2020 ESA Annual Meeting (August 3 - 6)

PS 48 Abstract - Integration of state-of-the-art approaches in remote sensing, machine learning, and land surface models to evaluate global terrestrial evapotranspiration

Shufen Pan1, Naiqing Pan2, Hanqin Tian1, Pierre Friedlingstein3, Stephen Sitch4, Hao Shi2, Vivek Arora5, Vanessa Haverd6, Atul Jain7, Etsushi Kato8, Sebastian Lienert9, Danica Lombardozzi10, Julia Nabel11, Catherine Ottlé12, Benjamin Poulter13, Sönke Zaehle14 and Steve W. Running15, (1)International Center for Climate and Global Change Research and School of Forestry and Wildlife Sciences, Auburn University, Auburn, AL, (2)Auburn University, Auburn, AL, (3)University of Exeter, (4)University of Leeds, (5)Canadian Centre for Climate Modelling and Analysis, (6)CSIRO Oceans and Atmosphere, (7)Department of Atmospheric Sciences, University of Illinois, Urbana, IL, (8)Institute of Applied Energy (IAE), (9)Climate and Environmental Physics, Physics Institute, University of Bern, (10)CGD, National Center for Atmospheric Research, Boulder, CO, (11)Max Planck Institute for Meteorology, (12)LSCE-IPSL-CNRS, Orme des Merisiers, (13)Biospheric Sciences Laboratory, NASA Goddard Space Flight Center, Greenbelt, MD, (14)Department of Biogeochemical Systems, Max-Planck Institute for Biogeochemistry, Jena, Germany, (15)Ecosystem and Conservation Sciences, University of Montana, Missoula, MT
Background/Question/Methods

Evapotranspiration (ET) is a critical component in the global water cycle and links terrestrial water, carbon and energy cycles. Accurate estimate of terrestrial ET is important for hydrological, meteorological, and agricultural research and applications. However, direct measurement of global terrestrial ET is not feasible. In this study, we integrate state-of-the-art estimates of global terrestrial ET, including data-driven and process-based estimates: 1) remote sensing-based physical models, 2) machine learning methods, and 3) land surface models (LSMs), to assess its spatial pattern, inter-annual variability, environmental drivers, long-term trend, and response to vegetation greening.

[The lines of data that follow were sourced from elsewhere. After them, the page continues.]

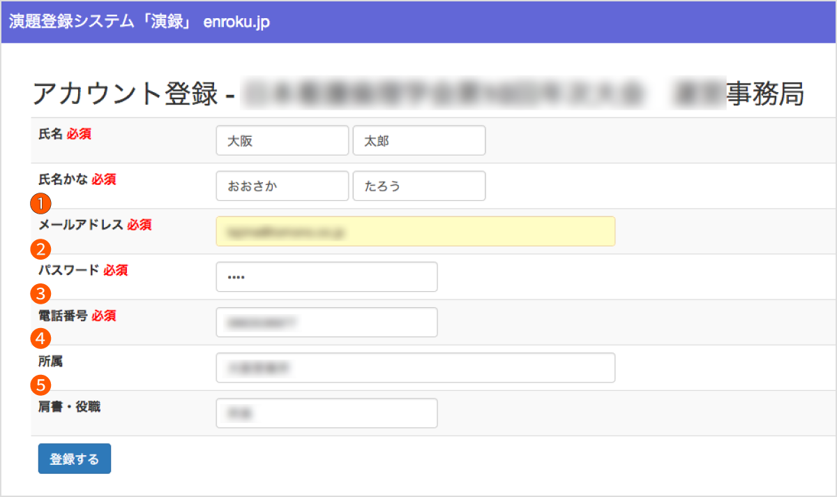 06-6353-6977必須 項目(❶~❺)を入力し登録するをクリックしてください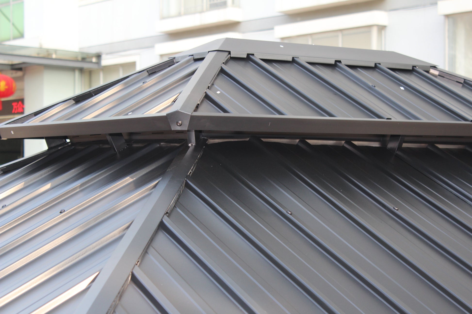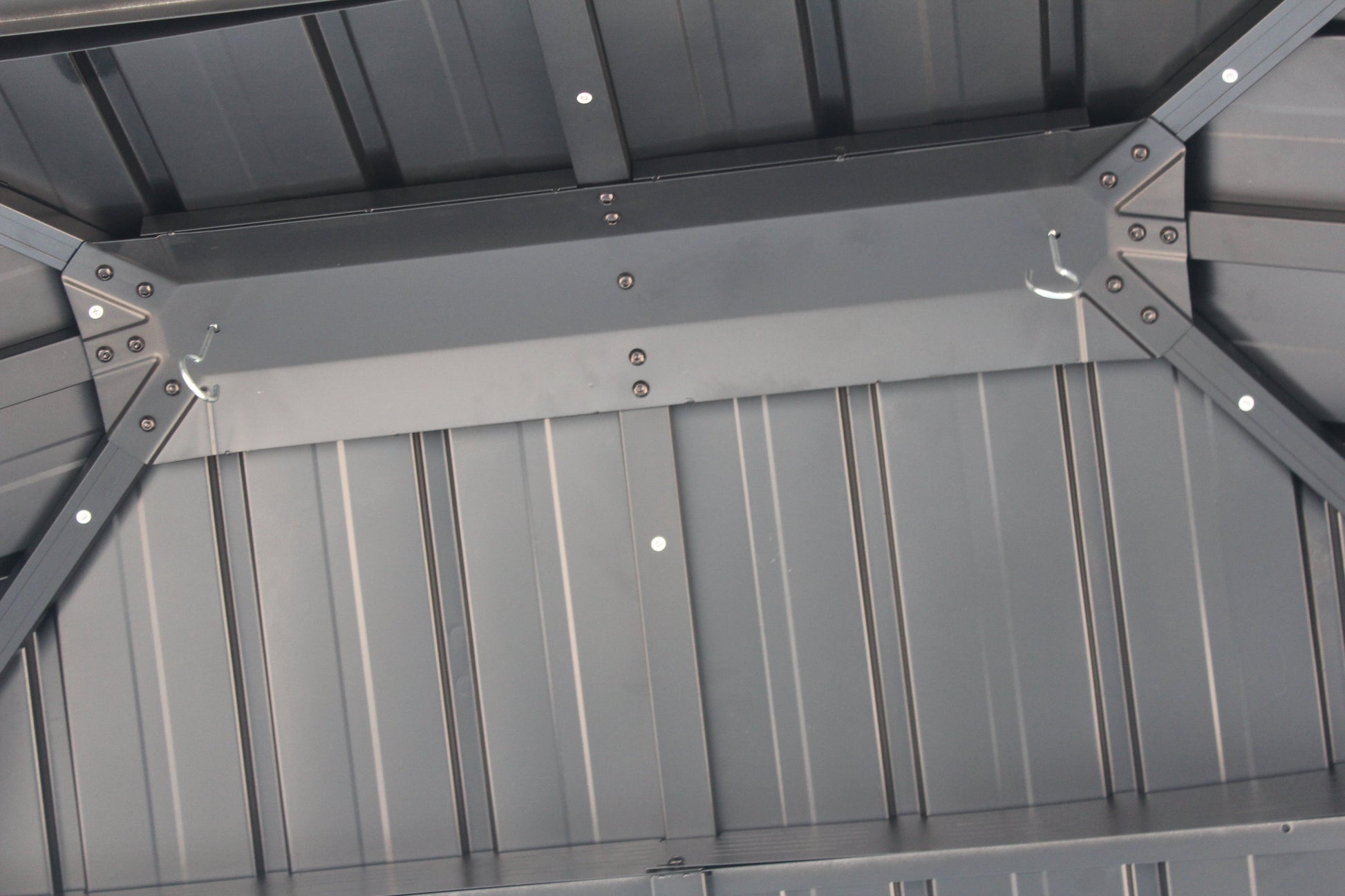 【Galvanized Steel Roof】Double-roof is all made from galvanized steel plates. It provides protection from the sun and a safe place from the rain. The angled design also make rain and snow fall faster with smooth surface.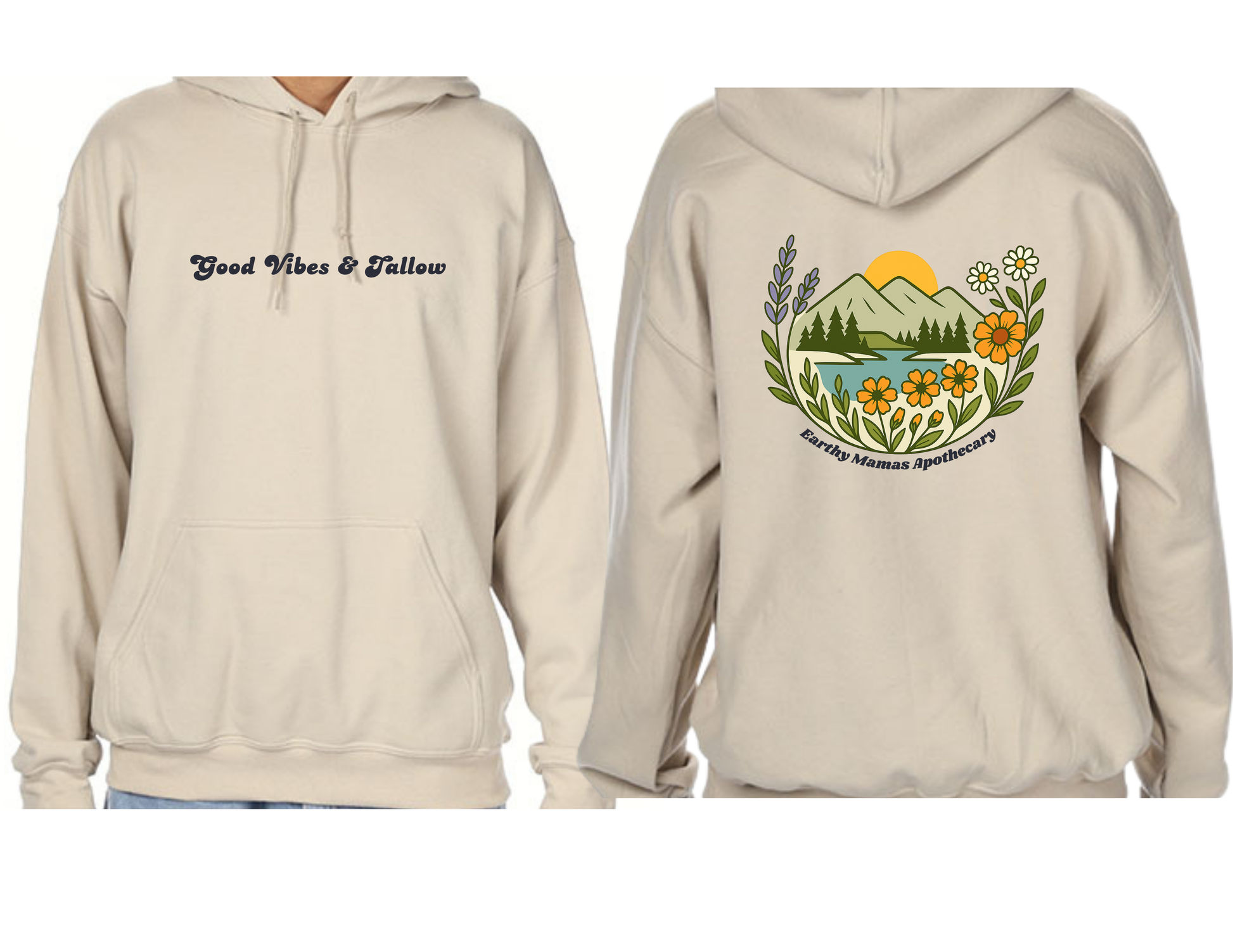 With “Good Vibes & Tallow” printed on the front and our signature Earthy Mamas mountain-and-floral artwork on the back, this hoodie celebrates everything we stand for: slow living, clean ingredients, and good energy from the Earth.

We evaluated twenty global terrestrial ET estimates including four from remote sensing-based physical models, two from machine-learning algorithms and fourteen from TRENDY LSMs. Our goal is not to compare the various models and choose the best one, but to identify the uncertainty sources in each type of estimate and provide suggestions for future model development.

Results/Conclusions

The results showed that the ensemble means of annual global terrestrial ET estimated by these three categories of approaches agreed well, ranging from 589.6 mm yr-1 to 617.1 mm yr-1. LSMs had much uncertainty in the ET magnitude in tropical regions especially the Amazon Basin, while remote sensing-based ET products showed larger inter-model range in arid and semi-arid regions than LSMs. LSMs and remote sensing-based physical models exhibited much larger inter-annual variability (IAV) in ET than machine learning based algorithms in southwestern U.S. and the Southern Hemisphere, particularly in Australia. All the twenty models used in this study showed anthropogenic earth greening had a positive role in increasing terrestrial ET. The concurrent small inter-annual variability, i.e. relative stability, found in all estimates of global terrestrial ET, suggests there exists a potential planetary boundary in regulating global terrestrial ET, with the value being about 6.74×104 km3 yr-1 (603mm yr-1). Uncertainties among approaches were identified in specific regions, particularly in the Amazon Basin and arid/semi-arid regions. Improvements in parameterizing water stress and canopy dynamics, utilization of new available satellite retrievals and deep learning methods, and model-data fusion will advance our predictive understanding of terrestrial ET estimates.